Ich kenne sowohl die literarische Vorlage als auch die Verfilmung und kann das deshalb vergleichen. Der 21jährige Student Matthew Shepard ist kurz hinter Laramie in Wyoming an einen Wildzaun gefesselt worden und durchlitt ein Martyrium, bevor er starb, nur weil er Männer liebte. https://de.m.wikipedia.org/wiki/Matthew_Shepard
Die Autorin betont, daß das keine Geschichte über zwei schwule Cowboys ist, sondern über destruktive Homophobie in solch konservativen Landstrichen wie eben beispielsweise Wyoming.

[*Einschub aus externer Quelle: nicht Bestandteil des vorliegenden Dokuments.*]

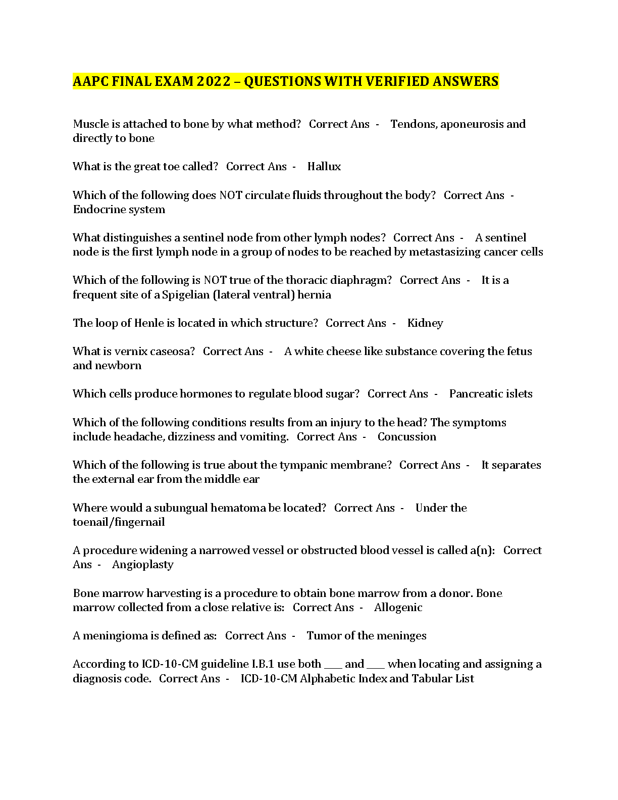 AAPC Final Exam 2022 Test Bank: Complete Questions & Verified Answers

1963 kommen Ennis Del Mar ( Heath Ledger ) und Jack Twist ( Jake Gyllenhaal) als angeheuerte Cowboys am Brokeback Mountain zusammen, um Schafe zu hüten. Diejenigen, die Kühe betreuen schauen voller Verachtung auf solche Burschen herab.
Nichtsdestotrotz ist es gute Arbeit in jenen Monaten, aber sehr einsam. Beide betonen immer wieder nicht schwul oder bi zu sein, aber es kommt zur ersten Liebesnacht zwischen den beiden.
Daraus erblüht Passion und eine Romanze und ja, Liebe. Die beiden wollen es nur nicht in klaren Worten wahrhaben. In diesem Fall aber sind Körpersprache, Mimik und wortlose Gesten mehr als die manchmal schwache Sprache. In dieser Trias drückt sich doch deutlich ihre sehr starke Zuneigung aus.
Aber was nicht sein darf, darf nicht sein. Damals sowieso nicht und erst recht nicht in solchen speziellen Bundesstaaten. Ihre Wege trennen sich also. Ennis bleibt in Wyoming, heiratet Alma ( Michelle Williams ), bekommt mit ihr zwei Töchter. Jack ist gar Rodeoreiter, heiratet Lureen ( Anne Hathaway ), wird Vater eines Sohnes und hat einen herrischen Schwiegervater.
Über die Jahre treffen sich Ennis und Jack immer wieder, um dann ihrer Leidenschaft und Liebe zu frönen. Andere haben Paris, sie nur Brokeback Mountain. Alma bekommt die Affäre mit, weil sie beide sich leidenschaftlich küssen sieht. Die Ehe zerbricht. Ennis ist allein.
Ihm gefällt nicht, daß Jack ab und an nach Mexiko geht um dort eindeutigen maskulinmaskulinen Abenteuern nachzugehen. Er ist uneingestanden eifersüchtig. Er ahnt nicht, daß Jack einen neuen ( verheirateten ) Lebensgefährten hat, da unten in Texas.
Jack versucht alles um Ennis endgültig für ein gemeinsames Leben zu gewinnen, aber ist dieses Trachten nicht sinnlos? Unter diesen Umständen?
E. Annie Proulx hat einen scharfen, nuancierten und empathischen Blick für das allzu Menschliche und die feinsten Zwischentöne. Dieses Fragile ist superb in die Verfilmung eingeflossen und diese ist in der Tat äußerst werkgetreu. Viele Dialoge wurden wortwörtlich übernommen.
Der Film ist wunderschön, zerbrechlich, todtraurig, anrührend, melancholisch, hat einen Soundtrack, der eine Gänsehaut verursacht, vor allem das instrumentale Titelstück mit der Gitarre. Zum Weinen bringend und zurecht mit Oscars prämiert. Schade nur, daß der mit 28 Jahren viel zu früh verstorbene Heath Ledger nicht ausgezeichnet wurde. Denn er verkörpert Ennis Del Mar mit viel Einfühlungsvermögen, Vitalität und authentischer Tragik.
Nur eine Frage zum Schluß: Wie der queere Rupert Everett schon wissen wollte. Warum können und dürfen heterosexuelle Schauspieler Homosexuelle ( oft genug überzeugend ) spielen, aber Homosexuelle ( oft genug ) nicht heterosexuelle Lover? Hallo? Deswegen sind sie doch Schauspieler! Um jemanden zu impersonisieren, der sie im echten Leben nicht sind.